We are calling on the Department to set out how, and by when, it will encourage applications from areas with a high or severe forecast need for extra schools places, working with local authorities where appropriate.

The Department should also be more open about the reasons for making decisions in favour of opening free schools. It was unable to give us a consistent explanation of how its decision-making process leads to certain applications’ approval and others’ rejection, and how this represents value for money.

Capital costs of the free school programme are escalating. The most recent round of approved free schools had a greater proportion of more expensive types, such as secondaries, special and alternative provision, located in more expensive regions such as London, the South East and South West. If this mix of approved free schools continues, there is a risk of costs exceeding available funding."

Margaret Hodge was speaking as the Committee published its 56th Report of this Session which, on the basis of evidence from Peter Lauener, CEO, Education Funding Agency, and Chris Wormald, Permanent Secretary, Department for Education, examined the subject of establishing free schools.

Free schools are all-ability state-funded schools set up in response to what people say they want and need in their community to improve education for local children. The Department has made clear progress on implementing a policy priority by opening new free schools quickly. The Department has strengthened aspects of the way it selects which applications to approve. However, we are concerned that applications for new free schools are not emerging from areas of greatest forecast need for more and better school places. Around 87% of projected primary places in the free schools opened so far were in districts that had forecast a high or severe need for extra places, but only 19% of secondary places in the free schools opened so far were in such areas. We also have concerns over standards of governance in some free schools. Recent cases of poor financial management and governance in a small number of free schools highlight the need for improvements to the Department’s and the Education Funding Agency’s monitoring arrangements.
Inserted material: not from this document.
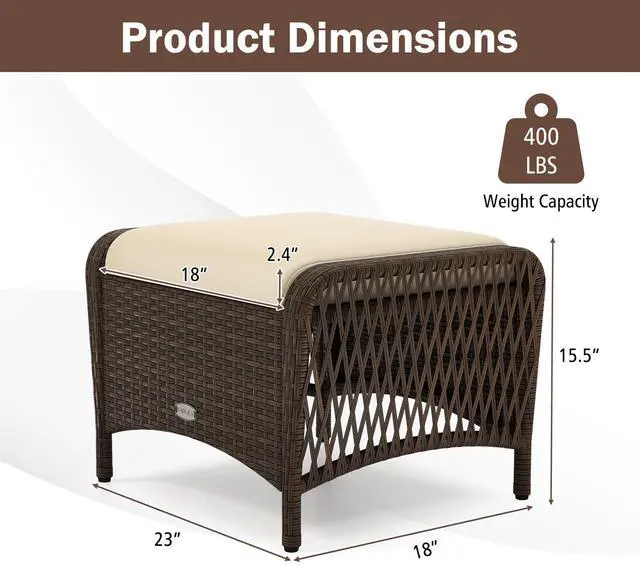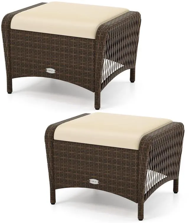 Set of 2 Versatile Outdoor Ottomans: Includes two matching ottomans perfect for use as footrests, side tables, or extra seatingideal for patios, balconies, decks, or garden spaces.

Free schools operate independently of local authorities and have freedoms over their curriculum, school day and term time, staffing, and budgets. The Department invited the first applications to set up free schools in June 2010 and the first 24 free schools opened in September 2011. By September 2013, there were 174 free schools open with a further 116 in the pipeline to open from September 2014 onwards. The Department estimates that it will have spent £1.1 billion on free schools by March 2014, of which £0.7 billion will be capital expenditure on buildings and land. The Department implements free school policy, assesses and approves applications, and has overall responsibility for value for money. The Education Funding Agency (the Agency) is responsible for acquiring premises, and for the funding and oversight of financial management and governance in open free schools.

Recommendations

The Department could do more to draw on the experience of the early tranches of free schools to understand the take-up of places. The Department intends that applications to open free schools respond to local demand to improve education. The programme is demand-led and, as part of the selection process, applicants must provide evidence of the parental demand for places. The Department considers ‘demand’ in broad terms to include a need for places, a demand for better quality provision or for a type of school that offers a distinctive approach. At the early stages of an application, there is bound to be less certainty about eventual demand and there are different expectations about how quickly schools will recruit pupils depending on the different rationale for the school. For example, a school responding to a need to places may fill faster than a school responding to a demand in quality, as it takes time for schools to establish a reputation for quality with parents. The NAO report showed that, in their opening year, free schools attracted three-quarters of their planned numbers of pupils, but many free schools admitted fewer pupils than planned admission numbers. Sometimes this was a consequence of schools opening in temporary accommodation; sometimes it was due to a lack of accurate forecasts of demand.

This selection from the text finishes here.